Parlare di Salvatore Pica e della sua attività è come cercare di descrivere l’atmosfera di un porto di mare, con la gente che sbarca, quella che corre ad imbarcarsi, le navi, la folla, i biglietti, i taxi.

Nel corso degli anni nei suoi vari spazi della città si sono succedute mostre, incontri, interviste, con un ritmo ed una frenetica frequenza che testimoniano la vivacità di Salvatore ed il suo essere aperto al mondo. Un lavoro incredibile affrontato con ironia e distacco, un registratore fedele di quello che si muove a Napoli.

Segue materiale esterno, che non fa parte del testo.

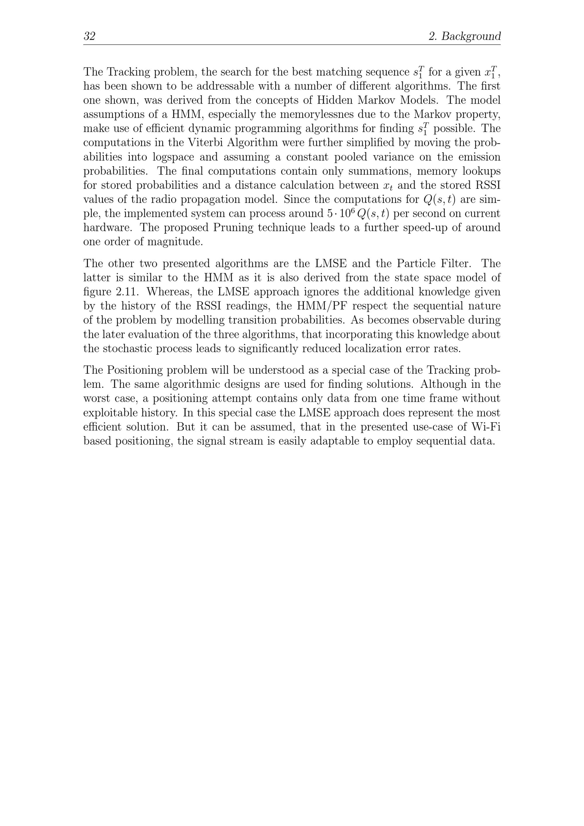 32 2. BackgroundThe Tracking problem, the search for the best matching sequence sT1for a given x1T,has been shown to be addressable with a number of different algorithms. The firstone shown, was derived from the concepts of Hidden Markov Models . The modelassumptions of a HMM , especially the memorylessnes due to the Markov property,make use of efficient dynamic programming algorithms for finding s1Tpossible. Thecomputations in the Viterbi Algorithm were further simplified by moving the prob-abilities into logspace and assuming a constant pooled variance on the emissionprobabilities. The final computations contain only summations, memory lookupsfor stored probabilities and a distance calculation between xtand the stored RSSIvalues of the radio propagation model. Since the computations for Q( s, t) are sim-ple, the implemented system can process around 5 · 106Q( s, t) per second on currenthardware. The proposed Pruning technique leads to a further speed-up of aroundone order of magnitude.The other two presented algorithms are the LMSE and the Particle Filter. Thelatter is similar to the HMM as it is also derived from the state space model offigure 2.11. Whereas, the LMSE approach ignores the additional knowledge givenby the history of the RSSI readings, the HMM/PF respect the sequential natureof the problem by modelling transition probabilities. As becomes observable duringthe later evaluation of the three algorithms, that incorporating this knowledge aboutthe stochastic process leads to significantly reduced localization error rates.The Positioning problem will be understood as a special case of the Tracking prob-lem. The same algorithmic designs are used for finding solutions. Although in theworst case, a positioning attempt contains only data from one time frame withoutexploitable history. In this special case the LMSE approach does represent the mostefficient solution. But it can be assumed, that in the presented use-case of Wi-Fibased positioning, the signal stream is easily adaptable to employ sequential data.
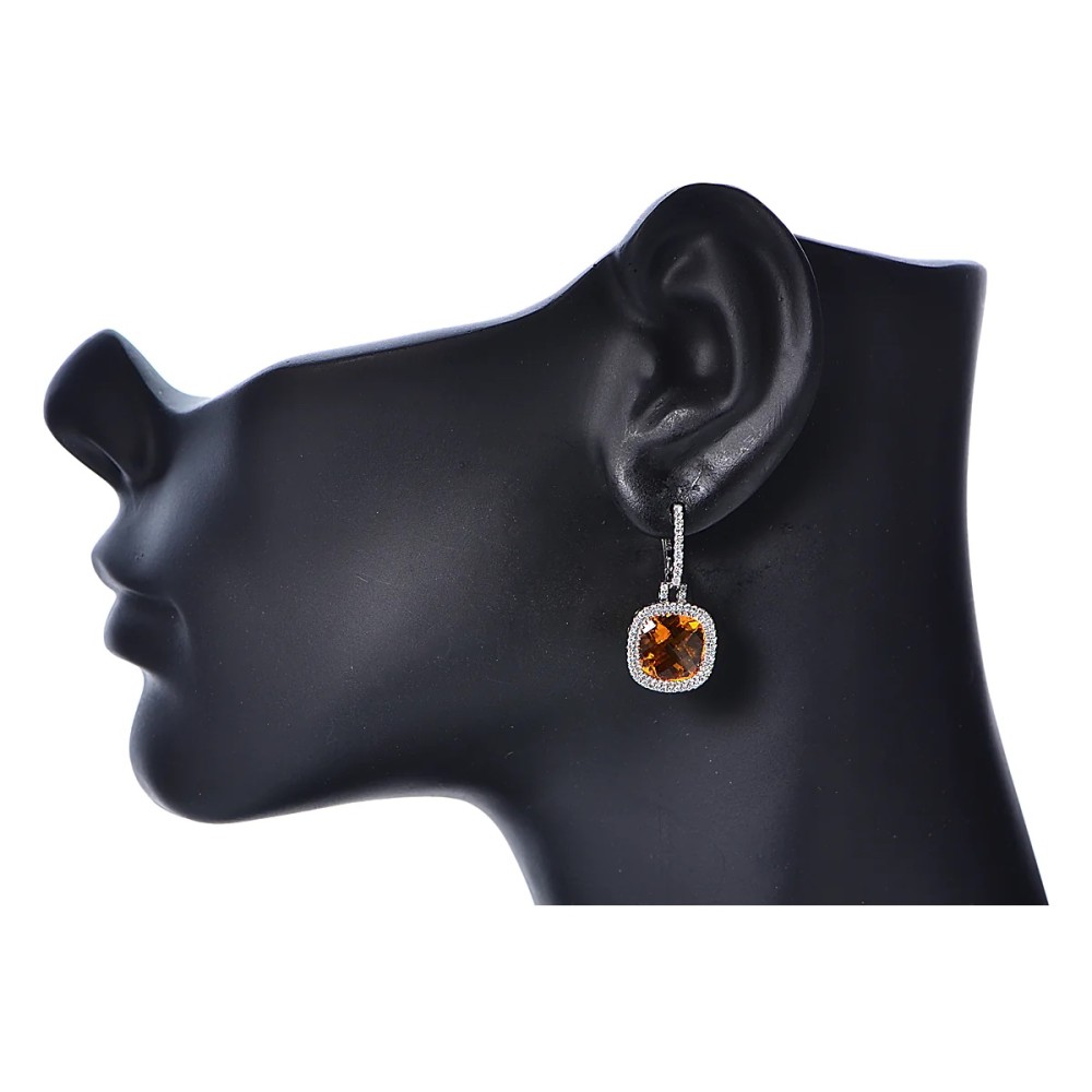 Each set with check board-cut citrine, accented by round brilliant-cut diamonds.
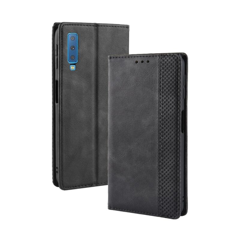 Μαγνητική αγκράφα Retro υφή Οριζόντια Flip δερμάτινη θήκη για Galaxy A7 (2018), με θήκη & υποδοχές για κάρτες & πορτοφόλι (Μαύρο)
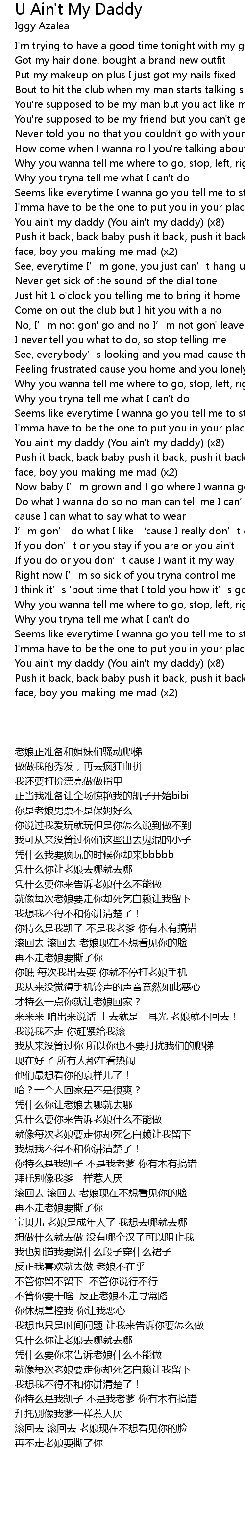 | [02:11.870] | You ain't my daddy (You ain't my daddy) (x8) |
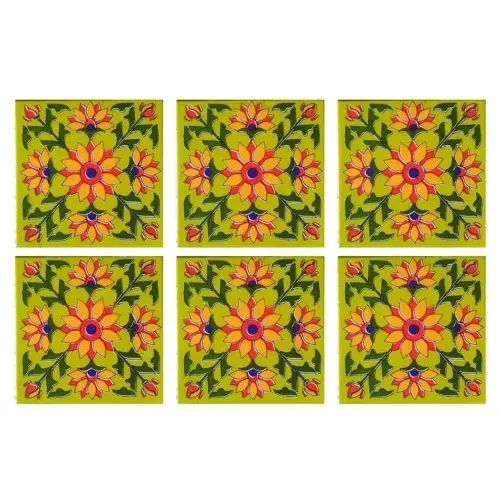 French Style Patterned Ceramic Tiles 4x4 Inch Home Decor Glossy Finish Firebrick Function Interior Use for Floor Wall Pack of 6

Un modo di procedere accumuli orizzontali dove tutto è sullo stesso piano in un paesaggio che si offre ai sensi come una città dalla pianta complicata e dove si finisce in un luogo per poi ricapitarci dopo un po’, intanto incontrando persone viste una volta, poi perse, e poi riviste in un ambito completamente diverso. Un ritmo insomma esistenziale dove le idee circolano, si scontrano, si raggruppano per fondersi in forme fantasiose ed impreviste.

Luoghi mai istituzionali esposti come sono agli interventi del caso, agli umori ed agli incontri casuali di Salvatore.

In posto così non può essere organizzato a tavolino, fa parte di quegli eventi che accadono, chi c’è c’è e potrà forse darne testimonianza, ma è come descrivere la vita nel suo svolgersi.

Salvatore è un accumulatore di istanti, un amico – memoria, cui sono riconoscente per il fatto che c’è (dal 1939) e per le tante cose che ho visto e le tante persone incontrate, per i caffè, le sigarette e la seria leggerezza.